▶ **AIM OF THE EXERCISE**
Copy nothing but the lines from the one containing "Уявіть ситуацію, коли" through the last line of the records, repeated exactly and without pictures.

▶ **DATA SUPPLIED**
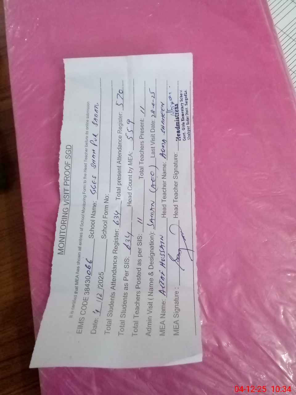 | Attendance Register | Head Teacher | MEA with School | Visit Proof |
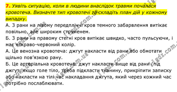 Уявіть ситуацію, коли в людини внаслідок травми почалася кровотеча. Визначте тип кровотечі та складіть план дій у кожному випадку. А. 3 рани на лівому передпліччі кров темного забарвлення витікає повільно, але широким струменем. Б. 3 рани на правому стегні кров витікає швидко, часто пульсуючи, і має яскраво-червоний колір. А. Це венозна кровотеча: джгут накласти від рани або обмотати щільно пов’язкою рану. Б. Це артеріальна кровотеча: джут накласти вище від рани (під джгут, якщо голе тіло, треба підкласти тканину, прикріпити записку або накласти на тілі час накладання джгута, який через кожний час потрібно послаблювати.
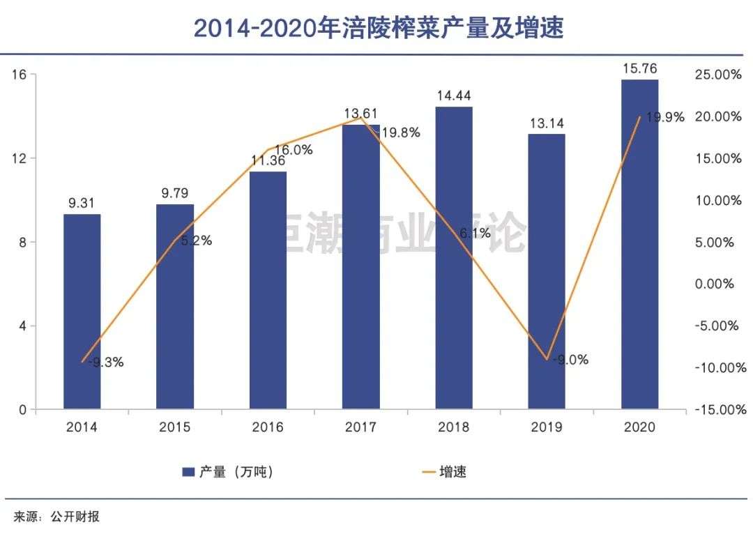 从过去几年涪陵榨菜的产量增长情况来看,保持5年连续20%的增长也是前所未有的高要求。
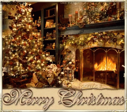 A cozy Merry Christmas scene featuring a crackling yule log in a fireplace, adorned with a festive Christmas tree.
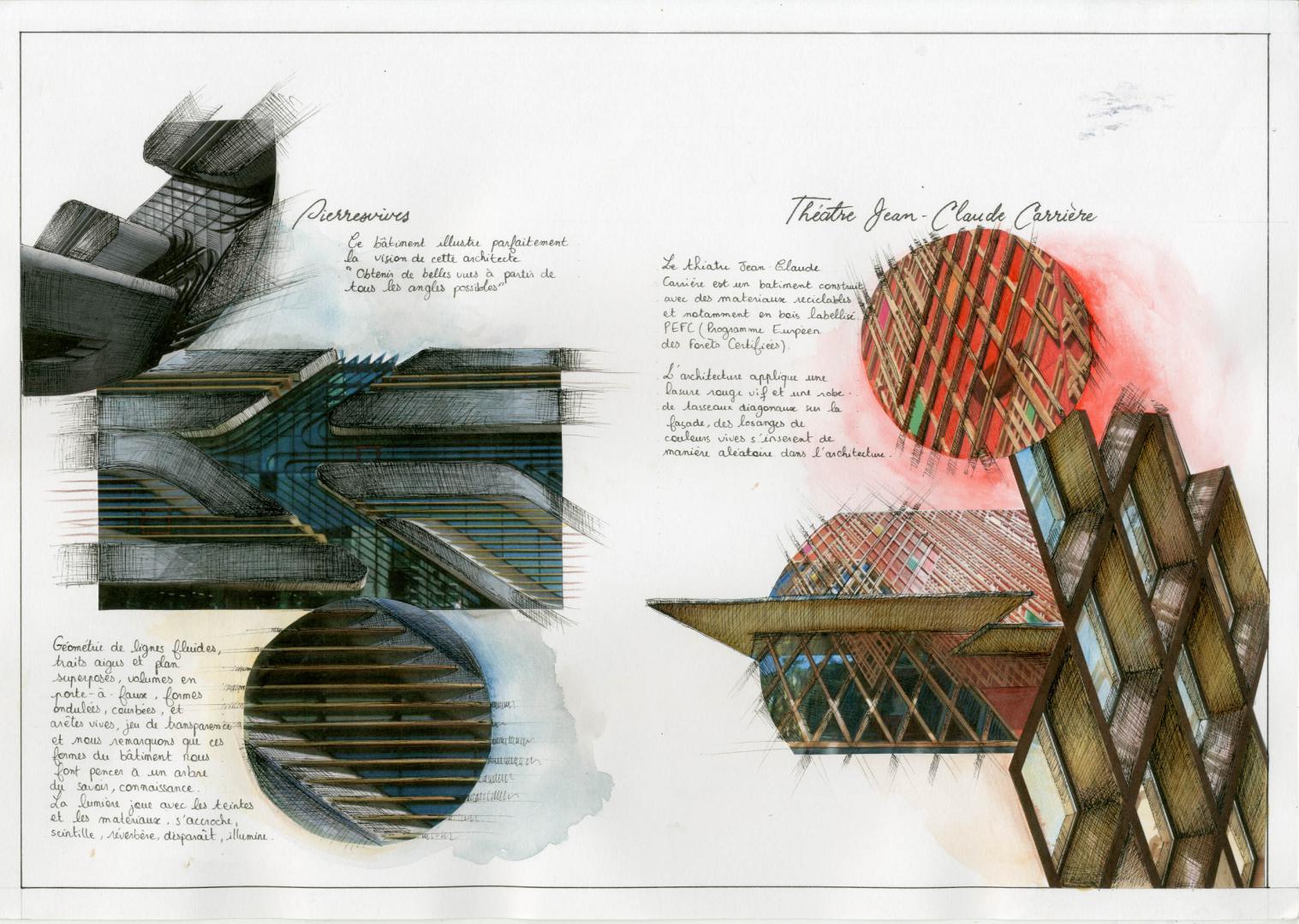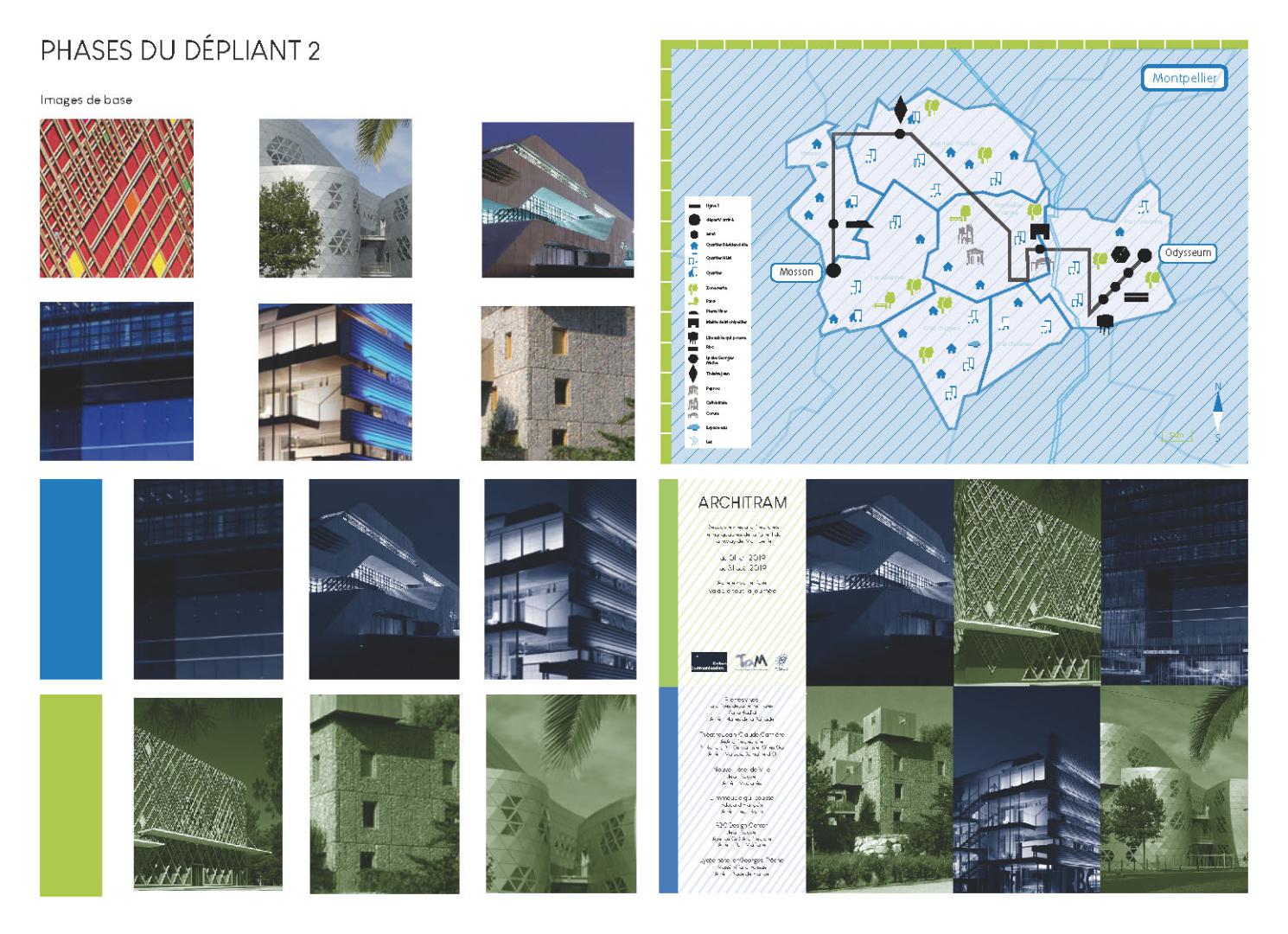 Concevoir un dépliant A3 permettant de découvrir les architectures typiques de la ville de Montpellier le long de la ligne 1 du tramway.
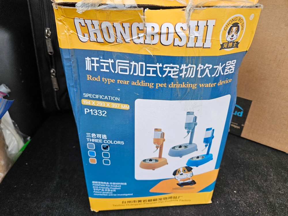 Selling a CHONGOSHI pet drinking water dispenser. It's a rod-type rear adding pet drinking water dispenser. Specification is 194 x 293 x L. Great for keeping your furry friend hydrated! 15.00
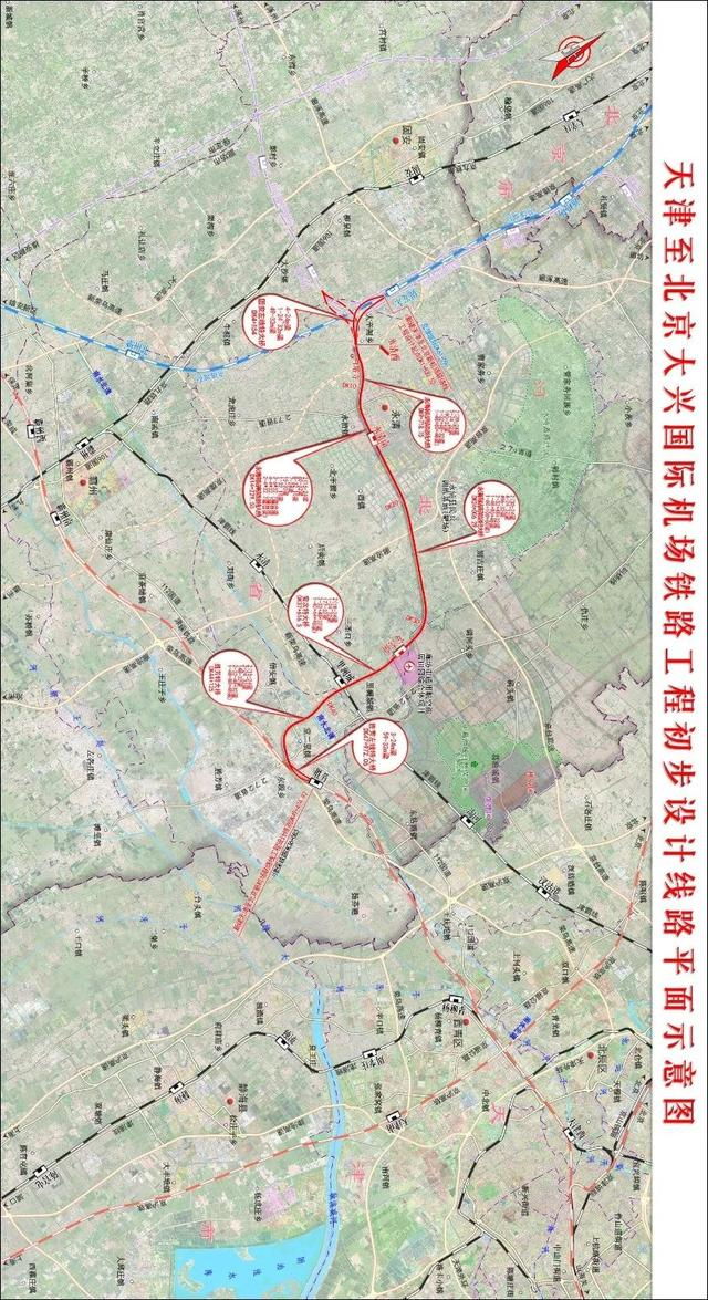 今年8月,天津至北京大兴国际机场铁路已第二次公布环境影响报告书。环评报告提到,线路东起天津西站,西至北京新机场站。其中,天津西至胜芳利用津保铁路,固安东至新机场利用京雄城际,新建线路起自胜芳,终至固安东站(不含),新建线路长度 47.36公里,设计时速250公里/小时。

▶ **REPLY TO THE EXERCISE**
 Уявіть ситуацію, коли в людини внаслідок травми почалася кровотеча. Визначте тип кровотечі та складіть план дій у кожному випадку. А. 3 рани на лівому передпліччі кров темного забарвлення витікає повільно, але широким струменем. Б. 3 рани на правому стегні кров витікає швидко, часто пульсуючи, і має яскраво-червоний колір. А. Це венозна кровотеча: джгут накласти від рани або обмотати щільно пов’язкою рану. Б. Це артеріальна кровотеча: джут накласти вище від рани (під джгут, якщо голе тіло, треба підкласти тканину, прикріпити записку або накласти на тілі час накладання джгута, який через кожний час потрібно послаблювати.
 从过去几年涪陵榨菜的产量增长情况来看,保持5年连续20%的增长也是前所未有的高要求。
 A cozy Merry Christmas scene featuring a crackling yule log in a fireplace, adorned with a festive Christmas tree.
 Concevoir un dépliant A3 permettant de découvrir les architectures typiques de la ville de Montpellier le long de la ligne 1 du tramway.
 Selling a CHONGOSHI pet drinking water dispenser. It's a rod-type rear adding pet drinking water dispenser. Specification is 194 x 293 x L. Great for keeping your furry friend hydrated! 15.00
 今年8月,天津至北京大兴国际机场铁路已第二次公布环境影响报告书。环评报告提到,线路东起天津西站,西至北京新机场站。其中,天津西至胜芳利用津保铁路,固安东至新机场利用京雄城际,新建线路起自胜芳,终至固安东站(不含),新建线路长度 47.36公里,设计时速250公里/小时。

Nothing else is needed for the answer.